The Hacker News thread surfaced several recurring themes. Skeptics questioned whether the benchmark improvements would hold on more diverse evaluations beyond BBH and GSM8K. Others pointed out that the sharp layer boundaries — where a single-layer shift destroys the effect — need explanation. If these circuits are real cognitive units, why are their boundaries so exact?

Enthusiasts were more excited about the implications for local LLM users. If you’re running a 24B or 32B model on consumer hardware, copying three layers is essentially free compared to upgrading to a larger model. The 1.5 GiB VRAM overhead is trivial on modern GPUs, and the inference slowdown is negligible.

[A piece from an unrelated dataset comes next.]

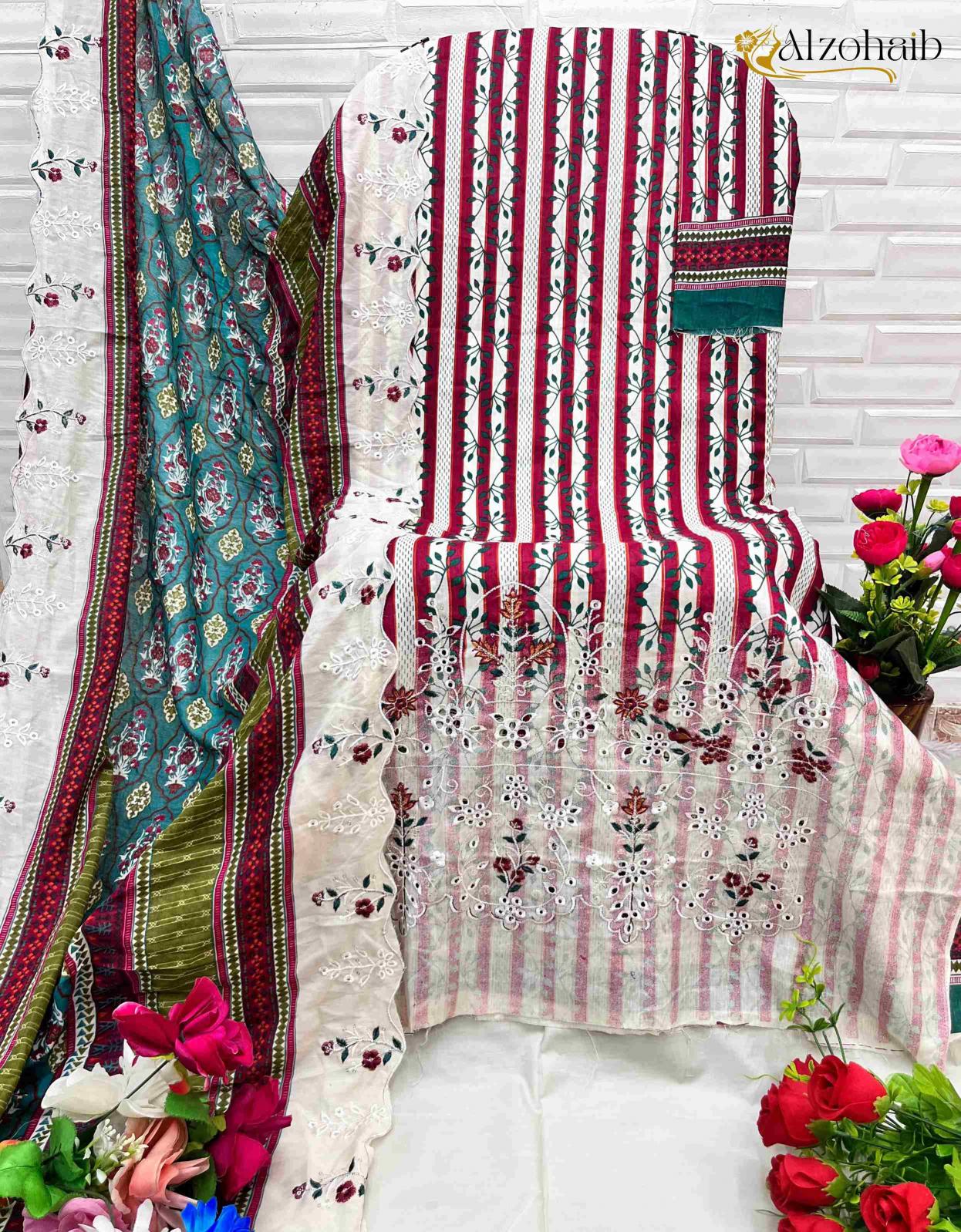 alzohaib 1086-1089 embroidery work cotton print pakistani suits

Several commenters noted the democratizing aspect: the entire discovery pipeline runs on two AMD GPUs (an RX 7900 XT and RX 6950 XT) that together cost less than a single A100. If reasoning circuits can be found this cheaply, the technique could be applied systematically across the growing catalog of open-weight models.

FAQ

What models does LLM Circuit Finder support?
It has been tested on Mistral-architecture models (Devstral) and Qwen2-architecture models (Qwen2.5). Since the technique operates on transformer layers generically through llama.cpp, it should work on most transformer-based models, though the specific circuit locations will differ per model and must be discovered through the sweep process.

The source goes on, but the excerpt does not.